** Opening Data for this task block **

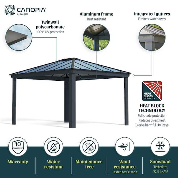 • Hardtop gazebo is completely opaque with full UV protection
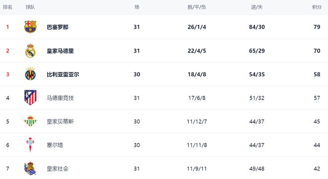 在积分榜上,巴萨遥遥领先。巴萨26胜1平4负,拿到79分。而皇马被远远甩开。皇马只拿到70分,落后了9分,争冠希望极其渺茫。比利亚雷亚尔以58分排名第3。输球的马竞总积分依然是57分,排名第4。皇家贝蒂斯45分排名第5。第6的是塞尔塔,拿到44分。皇家社会以42分排名第7。赫塔费41分排名第8。
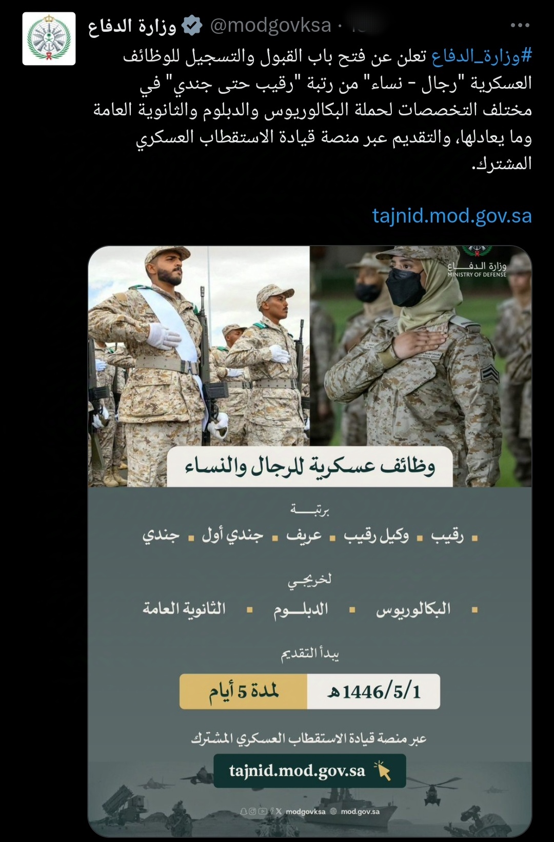 وكانت وزارة الدفاع السعودية لفتت إلى أن الوظائف متاحة في مختلف التخصصات لحملة البكالوريوس، والدبلوم، والثانوية العامة، وما يعادلها.
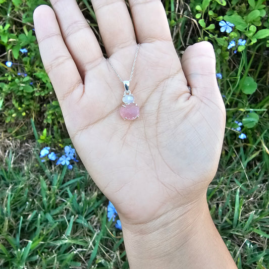 Rose Quartz with Rainbow Moonstone Pendant
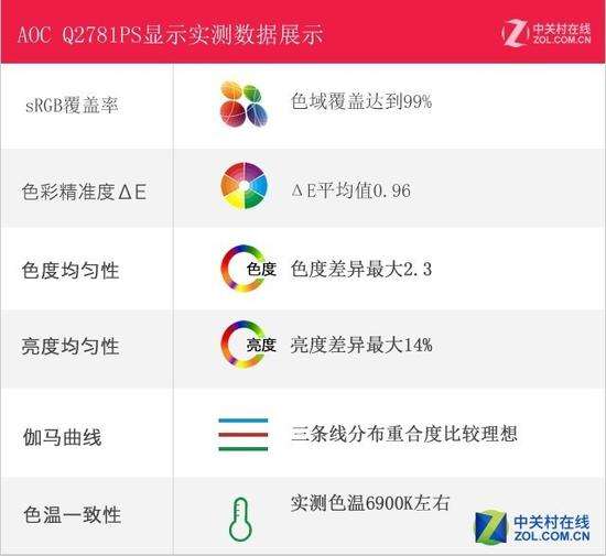 下面进行性能实测部分,测试项目有色域覆盖率、色彩还原准确度、色温一致性、色度均匀性、亮度均匀性、伽马曲线等。众多的测试项目让我们从多个方面来全方位审视AOC\u00A0Q2781PS。
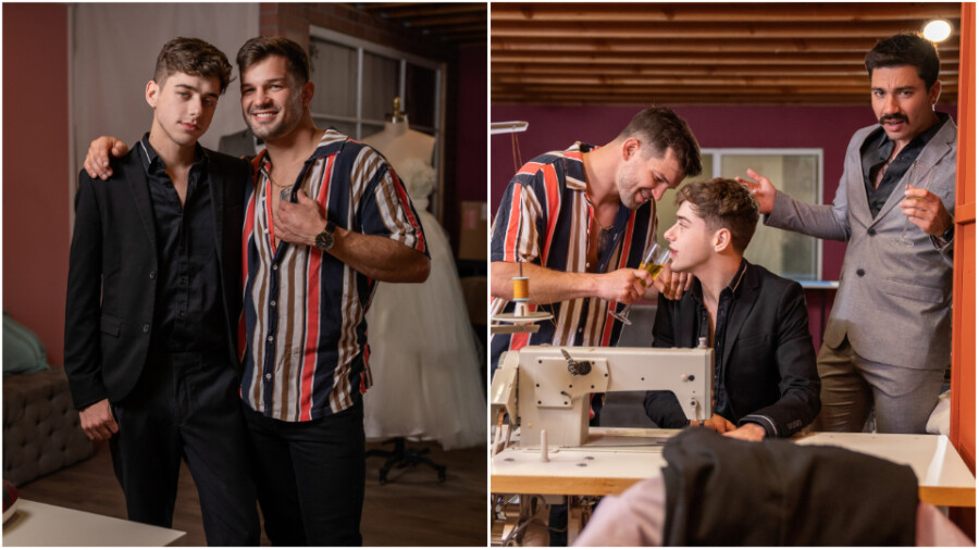 "After distracting the fiance, Joey sneaks to his secret peephole and spies on Brysen in the fitting room before stepping in to offer some help," continued the rep. "The guys kiss and Brysen fucks Joey up against the wall as his man sits outside, none the wiser, and even lifts him up for a stand-and-carry. The twink moans as he takes it doggy style, and Brysen spanks his ass before fucking his face. Joey rides the top before inviting Brysen back for another fitting."
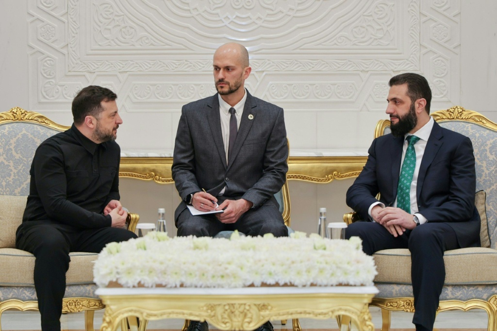 التقى الرئيس الأوكراني فولوديمير زيلينسكي نظيره السوري أحمد الشرع، خلال زيارة لدمشق الأحد رفقة وزير الخارجية التركي هاكان فيدان، لإجراء محادثات تتركز خصوصا على الوضع الإقليمي والحرب مع روسيا.

** Closing Data for this task block **

_Exercise:_
What this calls for is a word-for-word copy of the listing above, pictures excluded.

_Solved exercise:_
 • Hardtop gazebo is completely opaque with full UV protection
 在积分榜上,巴萨遥遥领先。巴萨26胜1平4负,拿到79分。而皇马被远远甩开。皇马只拿到70分,落后了9分,争冠希望极其渺茫。比利亚雷亚尔以58分排名第3。输球的马竞总积分依然是57分,排名第4。皇家贝蒂斯45分排名第5。第6的是塞尔塔,拿到44分。皇家社会以42分排名第7。赫塔费41分排名第8。
 وكانت وزارة الدفاع السعودية لفتت إلى أن الوظائف متاحة في مختلف التخصصات لحملة البكالوريوس، والدبلوم، والثانوية العامة، وما يعادلها.
 Rose Quartz with Rainbow Moonstone Pendant
 下面进行性能实测部分,测试项目有色域覆盖率、色彩还原准确度、色温一致性、色度均匀性、亮度均匀性、伽马曲线等。众多的测试项目让我们从多个方面来全方位审视AOC\u00A0Q2781PS。
 "After distracting the fiance, Joey sneaks to his secret peephole and spies on Brysen in the fitting room before stepping in to offer some help," continued the rep. "The guys kiss and Brysen fucks Joey up against the wall as his man sits outside, none the wiser, and even lifts him up for a stand-and-carry. The twink moans as he takes it doggy style, and Brysen spanks his ass before fucking his face. Joey rides the top before inviting Brysen back for another fitting."
 التقى الرئيس الأوكراني فولوديمير زيلينسكي نظيره السوري أحمد الشرع، خلال زيارة لدمشق الأحد رفقة وزير الخارجية التركي هاكان فيدان، لإجراء محادثات تتركز خصوصا على الوضع الإقليمي والحرب مع روسيا.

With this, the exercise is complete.